- _PROBLEM DETAILS_:
Leaving out all pictures, return the records word for word.

(Data items)

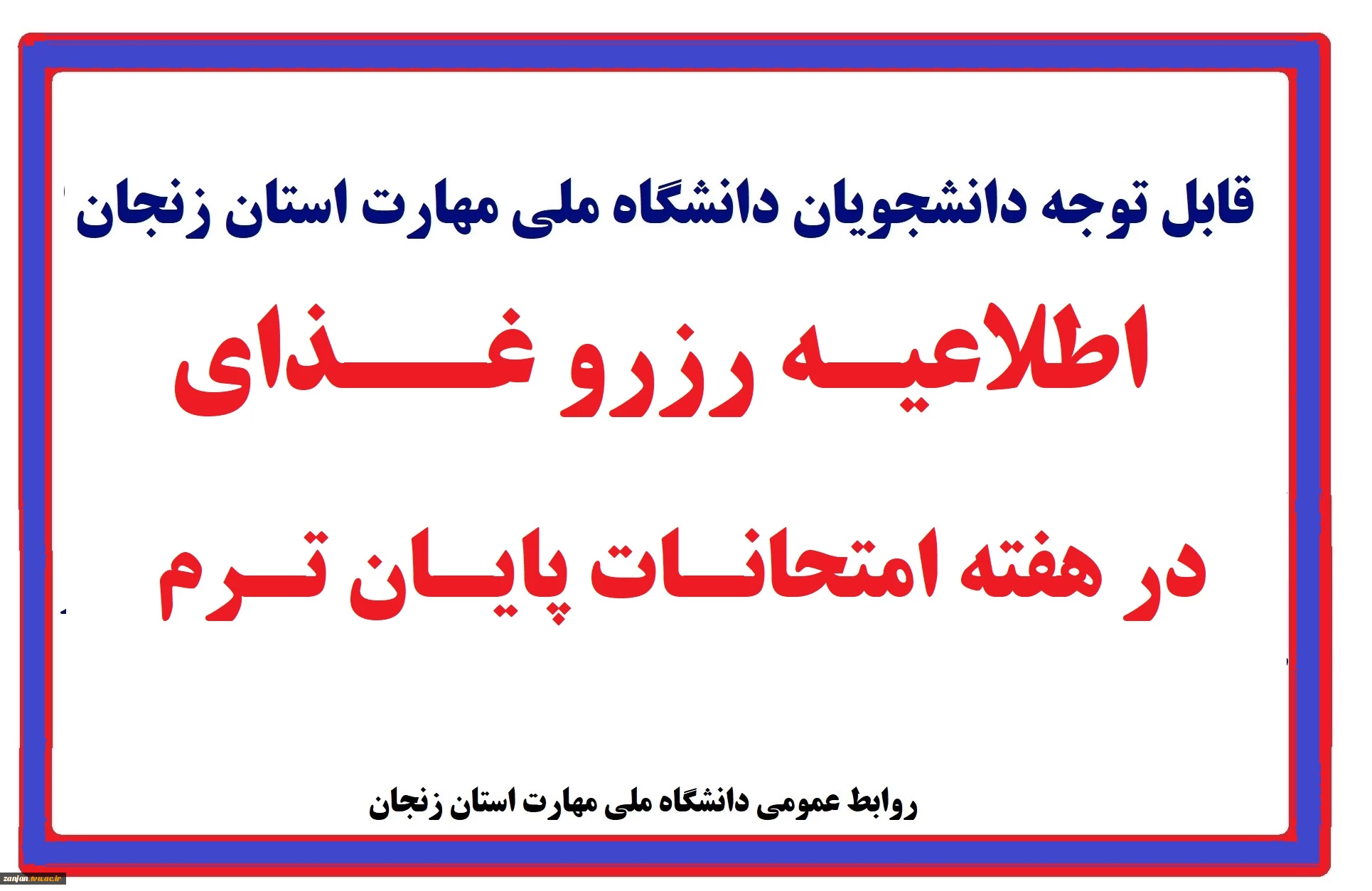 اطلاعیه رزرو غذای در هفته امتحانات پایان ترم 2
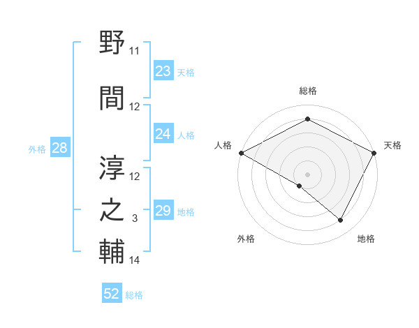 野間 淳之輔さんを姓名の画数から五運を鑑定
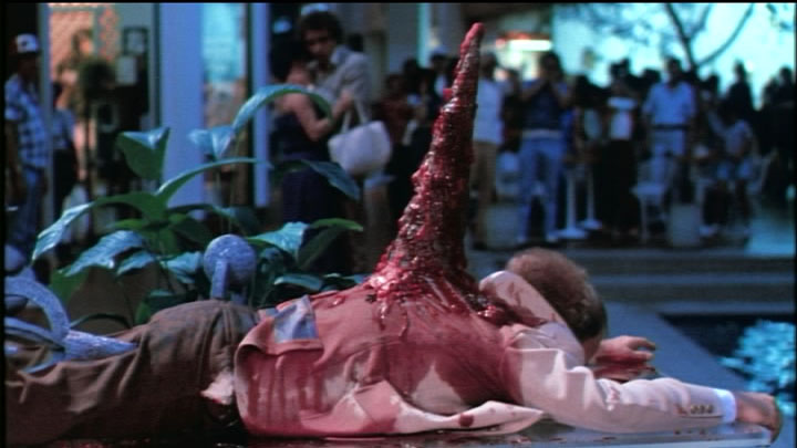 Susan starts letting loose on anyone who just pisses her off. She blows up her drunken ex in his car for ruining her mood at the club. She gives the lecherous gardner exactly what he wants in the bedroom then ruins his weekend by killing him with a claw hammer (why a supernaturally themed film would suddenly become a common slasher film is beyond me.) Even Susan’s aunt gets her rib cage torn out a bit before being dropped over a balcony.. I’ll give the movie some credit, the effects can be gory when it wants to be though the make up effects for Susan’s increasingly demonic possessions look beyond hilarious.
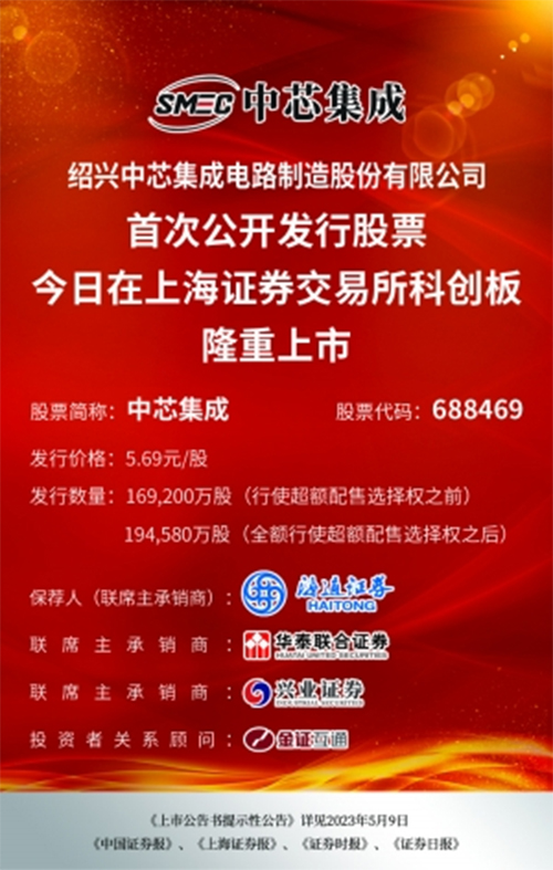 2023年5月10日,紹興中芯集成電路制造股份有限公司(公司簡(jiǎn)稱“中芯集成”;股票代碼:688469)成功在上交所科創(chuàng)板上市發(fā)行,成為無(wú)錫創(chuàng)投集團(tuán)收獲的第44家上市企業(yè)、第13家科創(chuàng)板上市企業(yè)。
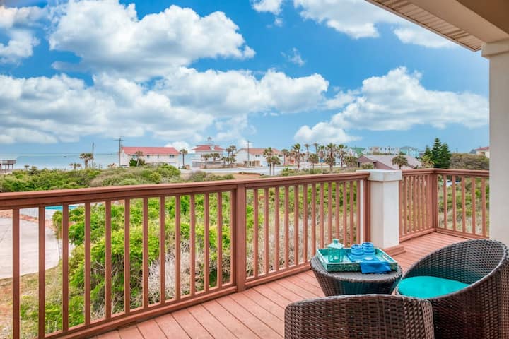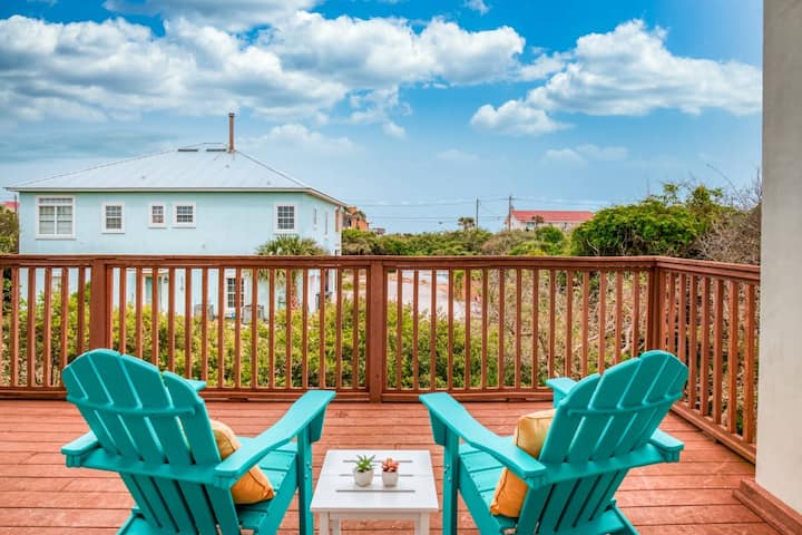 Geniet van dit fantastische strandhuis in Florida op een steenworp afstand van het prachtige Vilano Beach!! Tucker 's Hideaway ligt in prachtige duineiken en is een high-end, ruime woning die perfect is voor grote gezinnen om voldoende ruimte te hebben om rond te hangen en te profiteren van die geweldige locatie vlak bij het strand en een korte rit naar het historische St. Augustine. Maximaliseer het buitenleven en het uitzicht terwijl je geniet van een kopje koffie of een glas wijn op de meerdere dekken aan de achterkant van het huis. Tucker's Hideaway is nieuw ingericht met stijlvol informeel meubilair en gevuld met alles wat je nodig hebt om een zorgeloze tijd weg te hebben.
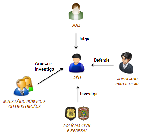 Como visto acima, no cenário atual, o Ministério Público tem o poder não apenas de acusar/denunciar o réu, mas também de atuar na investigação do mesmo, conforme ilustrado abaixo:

- _YOUR RESPONSE_:
 اطلاعیه رزرو غذای در هفته امتحانات پایان ترم 2
 野間 淳之輔さんを姓名の画数から五運を鑑定
 Susan starts letting loose on anyone who just pisses her off. She blows up her drunken ex in his car for ruining her mood at the club. She gives the lecherous gardner exactly what he wants in the bedroom then ruins his weekend by killing him with a claw hammer (why a supernaturally themed film would suddenly become a common slasher film is beyond me.) Even Susan’s aunt gets her rib cage torn out a bit before being dropped over a balcony.. I’ll give the movie some credit, the effects can be gory when it wants to be though the make up effects for Susan’s increasingly demonic possessions look beyond hilarious.
 2023年5月10日,紹興中芯集成電路制造股份有限公司(公司簡(jiǎn)稱“中芯集成”;股票代碼:688469)成功在上交所科創(chuàng)板上市發(fā)行,成為無(wú)錫創(chuàng)投集團(tuán)收獲的第44家上市企業(yè)、第13家科創(chuàng)板上市企業(yè)。
 Geniet van dit fantastische strandhuis in Florida op een steenworp afstand van het prachtige Vilano Beach!! Tucker 's Hideaway ligt in prachtige duineiken en is een high-end, ruime woning die perfect is voor grote gezinnen om voldoende ruimte te hebben om rond te hangen en te profiteren van die geweldige locatie vlak bij het strand en een korte rit naar het historische St. Augustine. Maximaliseer het buitenleven en het uitzicht terwijl je geniet van een kopje koffie of een glas wijn op de meerdere dekken aan de achterkant van het huis. Tucker's Hideaway is nieuw ingericht met stijlvol informeel meubilair en gevuld met alles wat je nodig hebt om een zorgeloze tijd weg te hebben.
 Como visto acima, no cenário atual, o Ministério Público tem o poder não apenas de acusar/denunciar o réu, mas também de atuar na investigação do mesmo, conforme ilustrado abaixo:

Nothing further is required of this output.